Extracted records:
# # # #

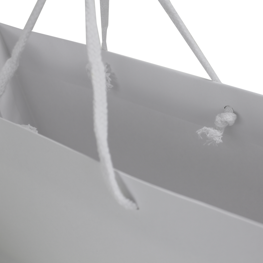 Shop our selection of custom printed laminated gift bags. These medium shopping totes feature a glossy finish, reinforced cord handles, and a cardboard bottom insert. They come in a variety of colors with different decoration methods. The laminated bags would be perfect for your store, boutique shop for gift wrappings, giveaways, or school events, just to name a few. Take advantage of our wholesale pricing available to anyone that can meet the low minimum order requirement. The large imprint area can be used for your company logo, simple text all the way to a full design with clip art or other vector works of art. We do free design services so we can create your design if you don't have one.
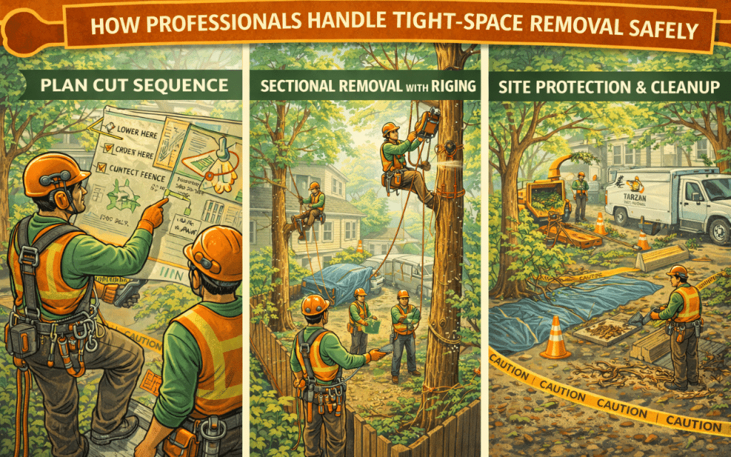 - Tight-space removal is all about control: sectional cuts, rigging, and safe lowering especially with “zero drop zone” yards.
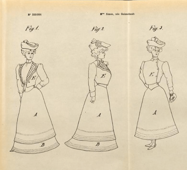 So let’s start with the name. The term “robe à transformation” is used frequently for these, and that is a historical one. However, the earliest use I’ve found of it is from 1903, and that use is not quite what we use it for today. It’s from a patent application by Mme Simon, the professional name of Marie Guinnebault (translation below mine):
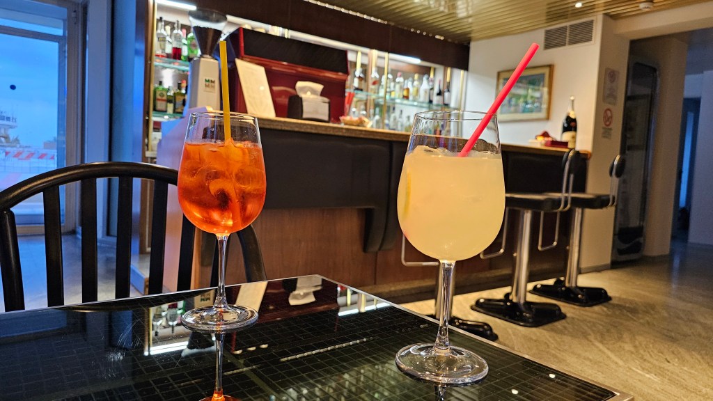 Aperol Spritz is a popular and refreshing drink from Italy. My preference was a slight twist with lemoncello replacing the aperol to go with the prosecco and soda. We tried these in our hotel bar and they were fabulous! Generous glasses for just €6 (£5) each.
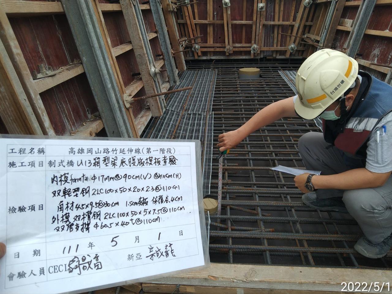 111.05.01 橋梁段上部結構U13跨底腹版模板查驗
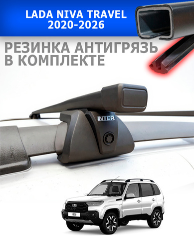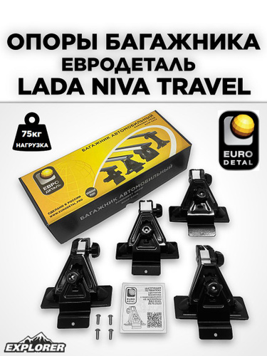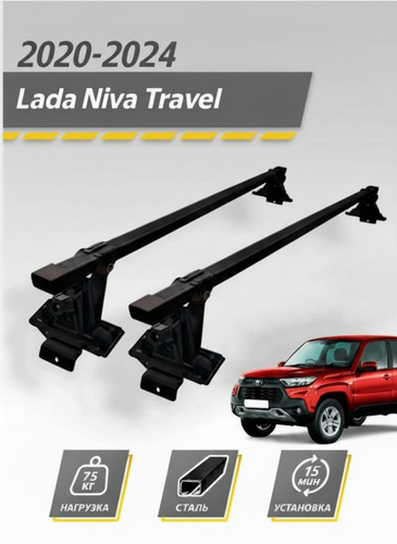 Багажник на крышу Лада Нива Тревел без рейлингов 2020-2024 / Lada Niva Travel (Рестайлинг) Комплект креплений в штатные места автомобиля с крыловидными поперечинами / Автобагажник с дугами
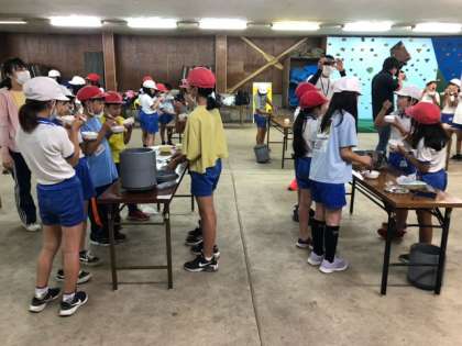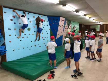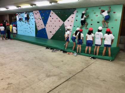 各班の児童は、手作りアイスクリームをいただいた後、体育館内のあるボルダリング施設にチャレンジさせてもらいました。
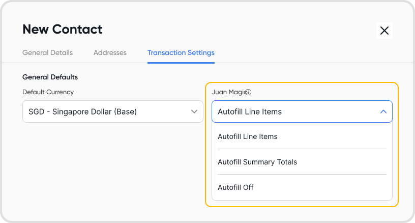 Transaction level settings for a contact which will be fetched and used to autofill a transaction based on the contact selected.
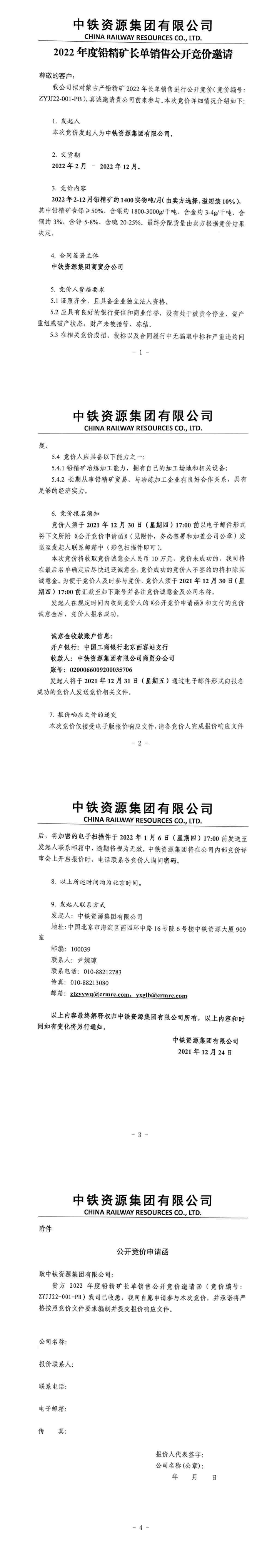 中铁资源集团2022年度铅精矿长单销售公开竞价邀请函
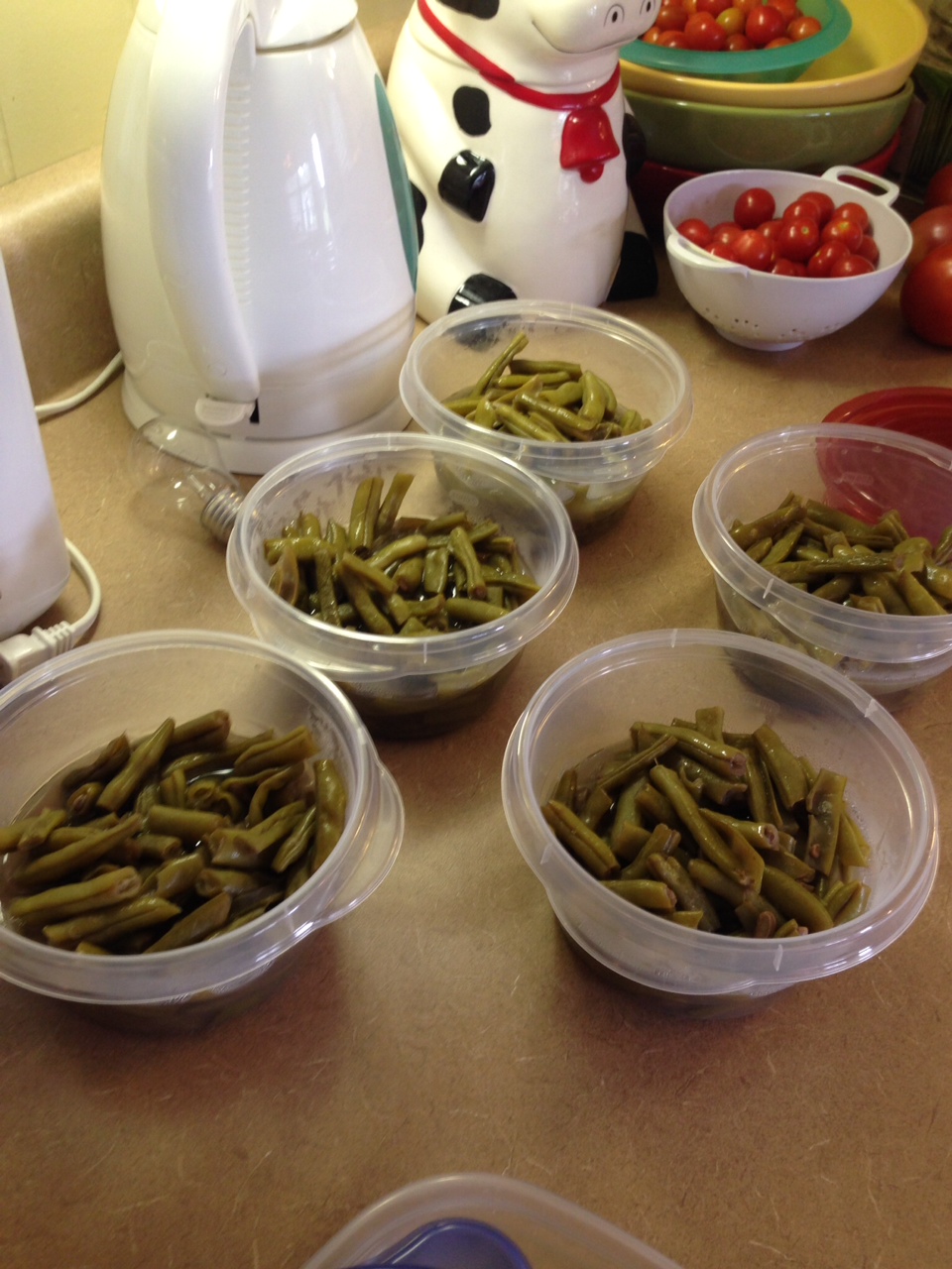 Charlotte cooks the beans, places them ready to eat into containers and puts them in the freezer.  Charlotte says that these two beans, which we combine before cooking, are her favorite vegetable.  We eat them all year long.

# # # #

» What you need to do:
Repeat, exactly and with no pictures, each line from the line that holds "So let’s start" through the last line of the records above.

» Answer section:
 So let’s start with the name. The term “robe à transformation” is used frequently for these, and that is a historical one. However, the earliest use I’ve found of it is from 1903, and that use is not quite what we use it for today. It’s from a patent application by Mme Simon, the professional name of Marie Guinnebault (translation below mine):
 Aperol Spritz is a popular and refreshing drink from Italy. My preference was a slight twist with lemoncello replacing the aperol to go with the prosecco and soda. We tried these in our hotel bar and they were fabulous! Generous glasses for just €6 (£5) each.
 111.05.01 橋梁段上部結構U13跨底腹版模板查驗
 Багажник на крышу Лада Нива Тревел без рейлингов 2020-2024 / Lada Niva Travel (Рестайлинг) Комплект креплений в штатные места автомобиля с крыловидными поперечинами / Автобагажник с дугами
 各班の児童は、手作りアイスクリームをいただいた後、体育館内のあるボルダリング施設にチャレンジさせてもらいました。
 Transaction level settings for a contact which will be fetched and used to autofill a transaction based on the contact selected.
 中铁资源集团2022年度铅精矿长单销售公开竞价邀请函
 Charlotte cooks the beans, places them ready to eat into containers and puts them in the freezer.  Charlotte says that these two beans, which we combine before cooking, are her favorite vegetable.  We eat them all year long.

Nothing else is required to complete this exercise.